This paper describes how an unconventional enhanced Fluorescent Liquid Penetrant Inspection (LPI) technique was developed to improve quantitative measurement of crack lengths in order to determine the effectiveness of the Eddy Current (EC) technique.
A test coupon was designed by the CF188 repair and maintenance contractor duplicating the geometry and stress concentration at a fatigue prone area of the aircraft structure. The coupons were manufactured from 7050-T7451 aluminium plate, with the same grain orientation as on the manufactured aircraft component.
Fig 1: Experimental setup showing the test coupon mounted in the load frame, video microscope and ultra violet illumination.
Fig 2: Coupon PL50 location #3 (ring light). Coupon loaded to 50% of the maximum test load.
The simulation coupon was fatigue loaded in a computer automated servo hydraulic material test load frame. During fatigue testing, a video microscope system was used to monitor and record crack development and progression, as shown in Figure 1.

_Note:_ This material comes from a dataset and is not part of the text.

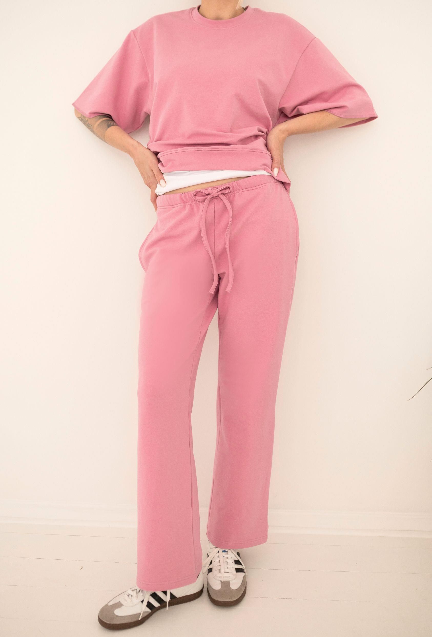 KOLOR: RÓŻOWY Bawełna 94%, elastan 6% Elastyczny jersey bawełniany. GRAMATURA: 300 G/M2 Luźne spodnie o swobodnym kroju, które doskonale sprawdzą się w codziennych stylizacjach. Miękka tkanina i elastyczna talia zapewnią wygodę przez cały dzień. Zaprojektowane i uszyte w Polsce. • proste, szerokie nogawki, • elastyczna talia ze sznurkiem do regulacji, • wygodne kieszenie, • staranie wykończone detale. Wymiary spodni (w centymetrach, mierzone na płasko): S: długość całkowita 95, szerokość w talii 36, szerokość w biodrach 46, M: długość całkowita 97, szerokość w talii 38, szerokość w biodrach 48, L: długość całkowita 100, szerokość w talii 40, szerokość w biodrach 50.

Inspections of the design details were conducted at regular intervals and images were recorded using a video microscope. The fatigue prone areas were then inspected using the EC method, this latter method being the one presently used to inspect these locations on the CF188 aircraft fleet. The equipment was calibrated using a 7075-T6 aluminium alloy test block with electron discharge machining (EDM) slots with approximate depths of 0.2, 0.5 and 1.0 mm. The EC setup, with a full screen of 6 graticule divisions, provided responses of 1 division, 4 divisions and off screen respectively.
The fatigue prone areas were initially monitored using a ring light and a 20x to 100x video microscope and a set of grid lines, where 10 lines = 2.56 mm. An example inspection of surface cracks using this setup is shown in Figure 2. (Note the quality of the images has been deteriorated by the digitization and reduction processes for this paper).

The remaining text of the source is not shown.